A Technology You Can’t Hide From: FTMC Scientists Successfully Test a Marine Radar Identification System at Sea

The FTMC team has developed and successfully demonstrated in the Baltic Sea a system capable of detecting ship radar signals. Initial trials have delivered positive results, and the technology is expected to become a reliable tool for detecting and identifying vessels attempting to conceal or falsify their identity.

Deceptive Signals Exist at Sea Too

Just as road users must follow clear traffic rules, so too do seafarers. One of these rules is particularly relevant to the technology discussed here.

Every vessel is required to use the Automatic Identification System (AIS), which operates via radio communication. Every few seconds, AIS transmits messages to other ships, coastal stations and even satellites, providing information about the vessel’s name, type, precise position, course and speed. This system is essential for safety purposes: preventing collisions at sea, requesting assistance, and enabling states to monitor sea lanes and traffic flows. It also allows authorities to identify those responsible in the event of violations.

However, a vessel’s crew – acting under the influence of hostile states – may simply switch off AIS or transmit false signals. This practice is considered one of the tools of hybrid warfare.

How can such threats be countered? A team of scientists from the FTMC Microwave Laboratory, led by physicist Dr Paulius Ragulis, has developed a system designed to help identify such deception. Its full name is the Radar Electromagnetic Signature Detection and Analysis System, and its purpose is to detect ship radar signals and use them to identify a vessel’s true identity, even when other available sensors provide contradictory information.

(Dr Paulius Ragulis. Photo: Judita Vadeikė / FTMC)

Detectable Traces

The system was developed over a three-year period as part of a project commissioned by the Lithuanian Navy and approved by the Ministry of National Defence of Lithuania. Externally, the system appears as a white radome; inside it (which, for understandable reasons, cannot be shown here) are directional antennas, computer equipment, an electromagnetic spectrum analyser, and other instruments.

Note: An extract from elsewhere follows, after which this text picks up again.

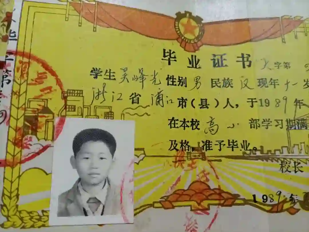 1984 年,7 岁的吴峰光在本村的大溪中心小学上一年级,他长相很憨,胖嘟嘟的。“我那时身体不好,经常流鼻涕,学习也成绩不好。”同学们叫他“蝌蚪”,在浦江话里的意思就是说一个人很“憨傻”。直到吴峰光上了三年级,学习上发生了转机。

“All ships are equipped with radars that emit electromagnetic radiation in the microwave frequency range. These radars detect obstacles at sea and are therefore essential for navigation safety. Inevitably, this means that radars leave behind what we call an electromagnetic footprint in the environment. Our system passively detects these footprints and ‘collects’ the radiation. Once a radar signal is captured, a trained AI system is applied, and the computer screen then displays the vessel’s name along with a probability rating indicating the reliability of that identification,” explains Dr Ragulis.

For example, the display might read: ‘Black Widow, 93%’, and so on.

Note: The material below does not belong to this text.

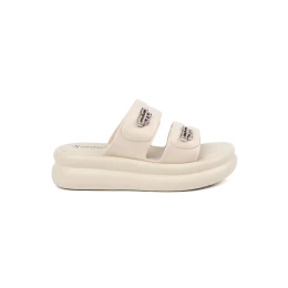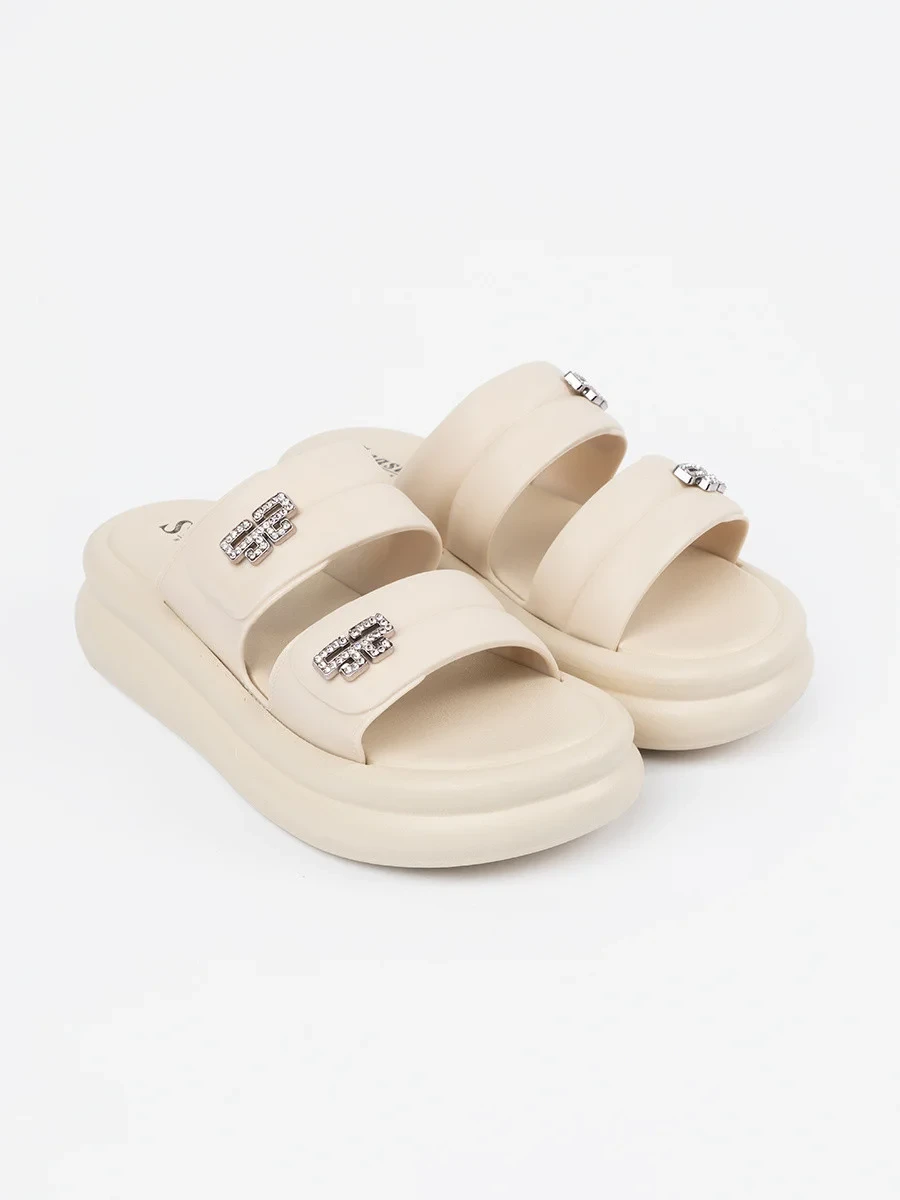Jedinečné dámske papuče na platforme Jasnobeżowy

According to the FTMC physicist, if a signal from a previously unknown vessel is received (the AI continues to gather data and learn), a Plan B is triggered: the system presents a parametric visualisation of the signal – a diagram – allowing the operator to determine what type of radar the data may originate from.

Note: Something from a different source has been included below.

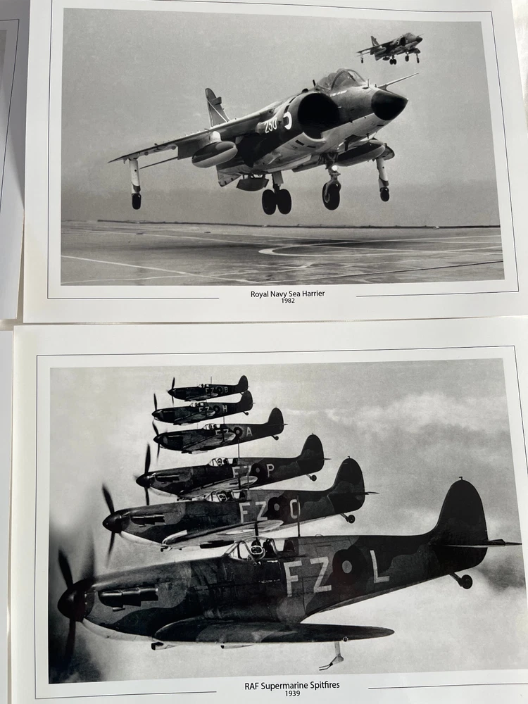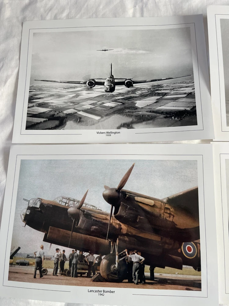 High quality professionally printed images - the item photos do not do these prints justice. Sorry about the light! Clearance stock hence the price. RRP £23.96 4 PHOTOS FEATURING: Lancaster Bomber 1942 Vickers Wellington 1939 Royal Navy Sea harrier 1982 RAF Supreme Spitfires 1939 A4 prints ( 21.0 x 29.7 cm or 8.27 x 11.69 inches) UK Postage and packaging FREE Ref: S28 Clearance

“Therefore, even if an enemy were to transmit a false AIS message, we would still be able to see that it is in fact a completely different vessel,” says the scientist, adding that the system would be useful both for peacetime maritime traffic monitoring and in situations involving hybrid attacks, crises or war.

(Photo: FTMC)

A Successful Start in the Baltic Sea

On 27 January 2026, the FTMC-developed prototype was tested under real-world conditions in the Baltic Sea for the first time. The system was installed aboard the Lithuanian Navy’s mine countermeasures vessel M53 Skalvis. Conditions were truly wintry and maritime, with strong winds, snow and heavy seas. Nevertheless, according to Dr Ragulis, the system withstood everything exceptionally well:

“As we were concluding the project, we wanted to demonstrate the prototype to the Defence Resources Agency under the Ministry of National Defence and to the Navy itself. The results were very good – better than we ourselves expected. We were impressed by the accuracy of the parameters displayed by our system. The vessel identification distances were satisfactory. Our data matched AIS signals from ships, as well as information about vessels that were not transmitting AIS but were identified by other means.”

The head of the FTMC Microwave Laboratory notes that the system will continue to be improved, with the main goal being to transform the prototype into a practical and reliable tool for naval forces.

“We hope that cooperation with the Navy will continue to strengthen and that we will be able to further develop the technology. This work not only gives our scientists great motivation, but also provides tangible benefits to the Armed Forces in addressing contemporary challenges,” says the physicist.

“Looking further into the future, we also have ideas for applying our system to drone detection. Every drone emits communication signals that we can capture, process and use to determine what type of unmanned aerial vehicle it is (or at least which protocols it uses), or the direction from which it is flying. But for now, our full focus remains on the sea and on strengthening our naval capabilities,” adds Dr Ragulis.

Written by Simonas Bendžius, FTMC Public Relations and Communication Specialist

The project is being developed under the Defence Technology Development Programme in Lithuania for 2021–2027, funded by the Ministry of National Defence. The programme’s objective is to strengthen national defence capabilities and accelerate the development of Lithuania’s defence industry.